The records below are to be copied exactly, with every picture left out.
>>
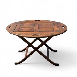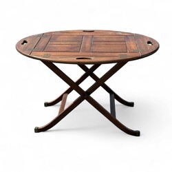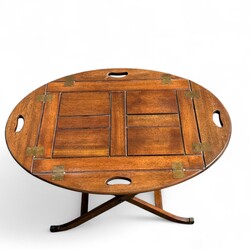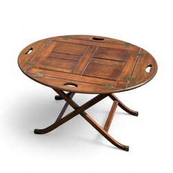 | Omschrijving | Paar ovale mahonie klaptafeltjes met messing beslag, waarvan de randen van het blad zijn in te klappen tot een serveerblad met grepen, tweede helft 20e eeuw |
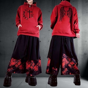 ・BUCK WING RED FLEECE HOODIE【月齢×十字架】
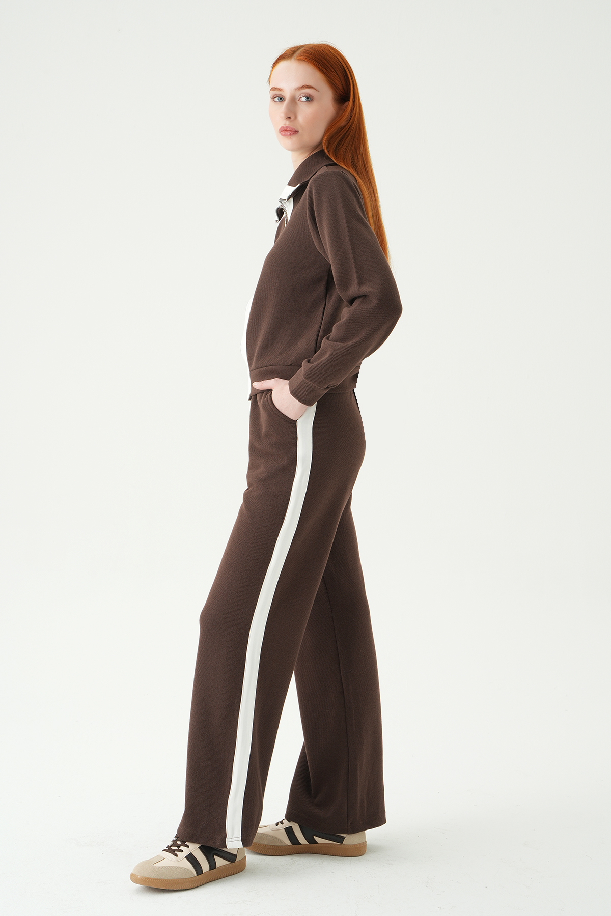 Kahve Şeritli Hırka Pantolon Takım 3085A
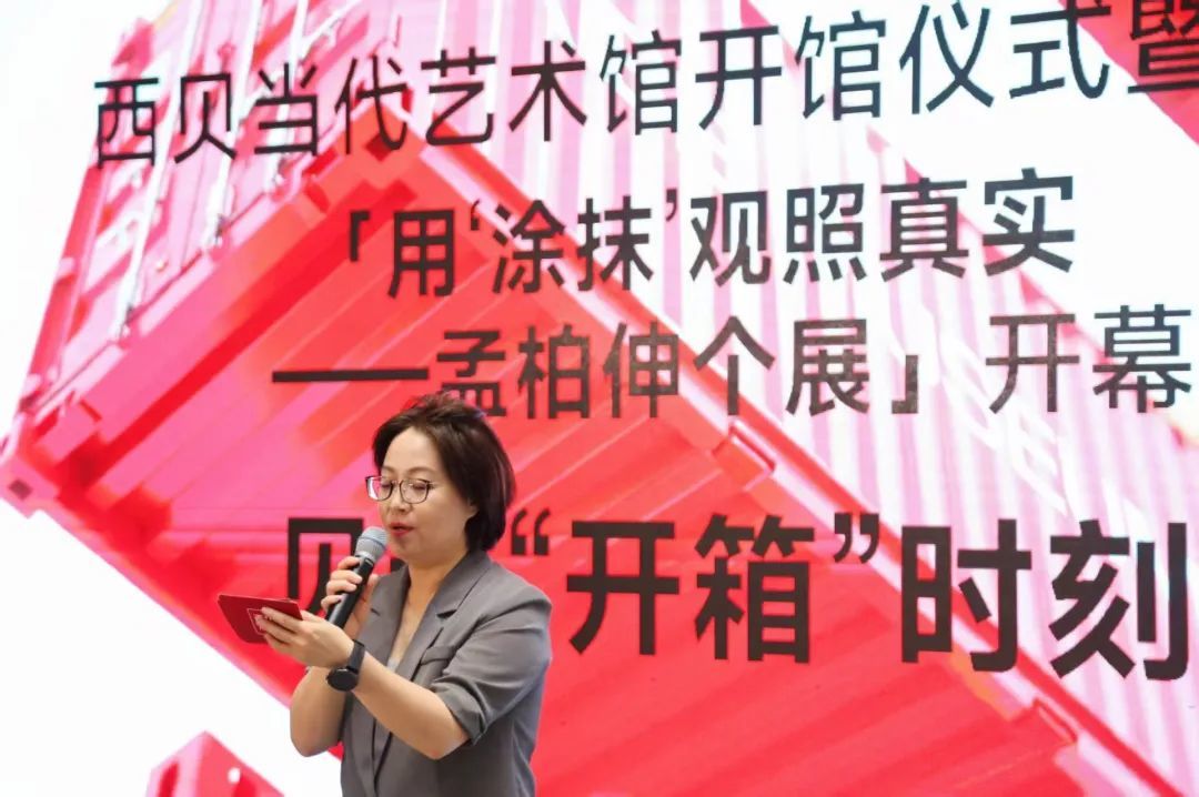 ▲ 西贝当代艺术馆馆长张丽平宣布开馆,西贝当代艺术馆“开箱时刻”现场
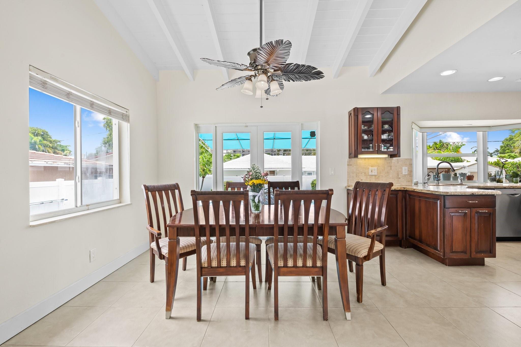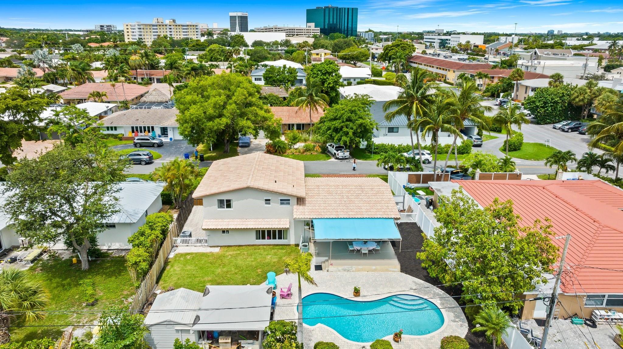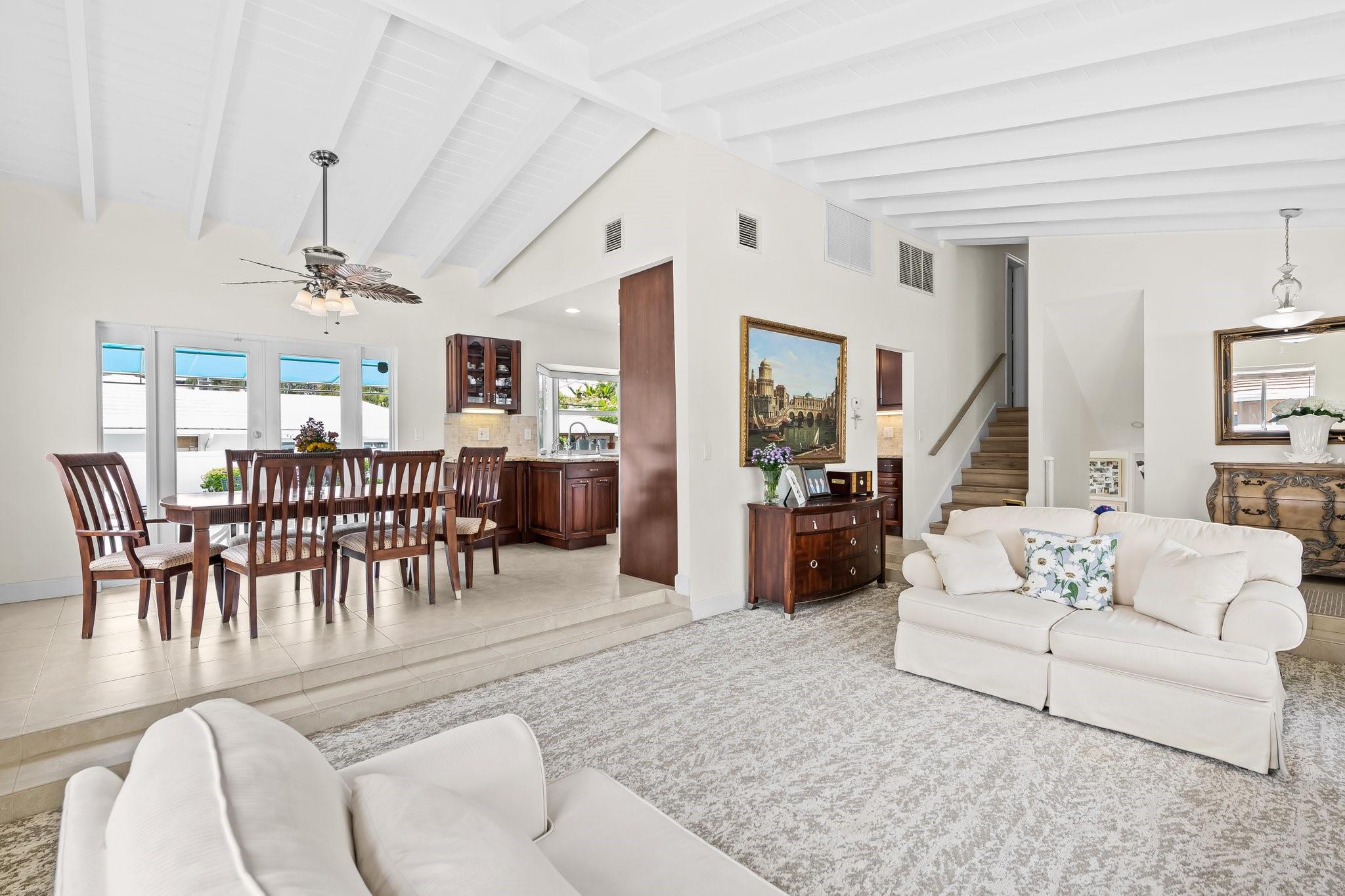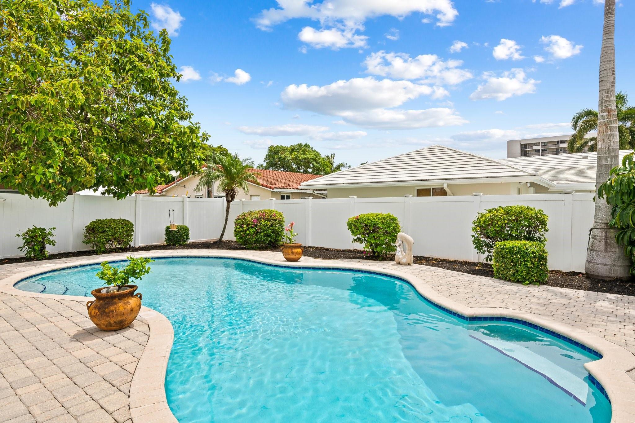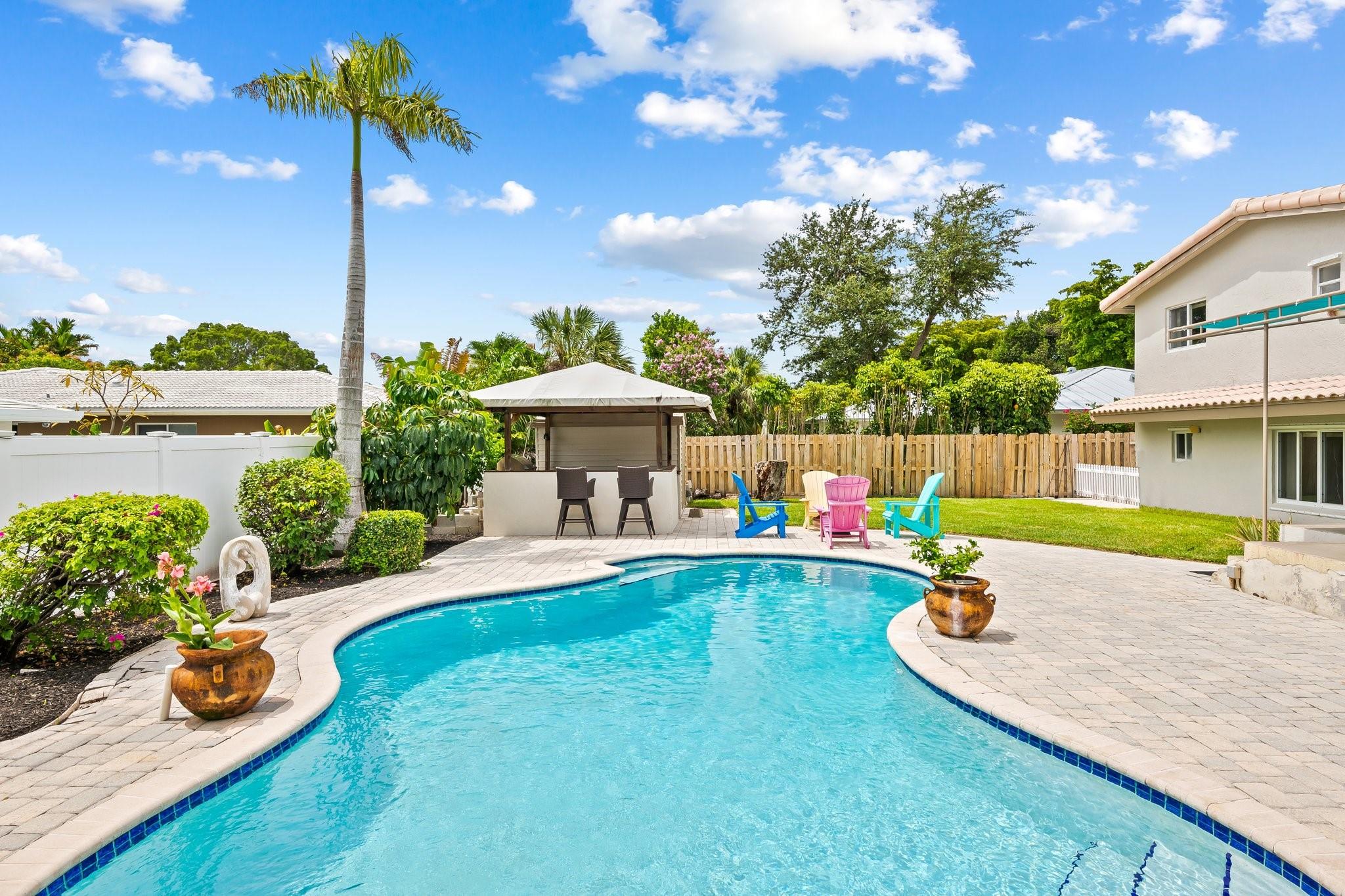 Welcome to your sanctuary in Coral Ridge Country Club Estates! 4 bedrooms, 3 bath tri-level home offers 2,240 sq ft of living space. The second level features a family area with vaulted, wood beam ceilings and a bay window offering an abundance of natural light. Kitchen is equipped with stainless steel appliances and granite countertops opens to an outdoor oasis with a pool. First level includes two bedrooms & shared bath, sitting area and laundry room. Third level boasts the primary suite with jetted tub and an additional bedroom. Enjoy a circular driveway, hurricane shutters, walking distance to Cardinal Gibbons High School, Christ Church, beaches and Lauderdale-by-the-Sea's dining and shopping.
<<
- Exercise output -
 | Omschrijving | Paar ovale mahonie klaptafeltjes met messing beslag, waarvan de randen van het blad zijn in te klappen tot een serveerblad met grepen, tweede helft 20e eeuw |
 ・BUCK WING RED FLEECE HOODIE【月齢×十字架】
 Kahve Şeritli Hırka Pantolon Takım 3085A
 ▲ 西贝当代艺术馆馆长张丽平宣布开馆,西贝当代艺术馆“开箱时刻”现场
 Welcome to your sanctuary in Coral Ridge Country Club Estates! 4 bedrooms, 3 bath tri-level home offers 2,240 sq ft of living space. The second level features a family area with vaulted, wood beam ceilings and a bay window offering an abundance of natural light. Kitchen is equipped with stainless steel appliances and granite countertops opens to an outdoor oasis with a pool. First level includes two bedrooms & shared bath, sitting area and laundry room. Third level boasts the primary suite with jetted tub and an additional bedroom. Enjoy a circular driveway, hurricane shutters, walking distance to Cardinal Gibbons High School, Christ Church, beaches and Lauderdale-by-the-Sea's dining and shopping.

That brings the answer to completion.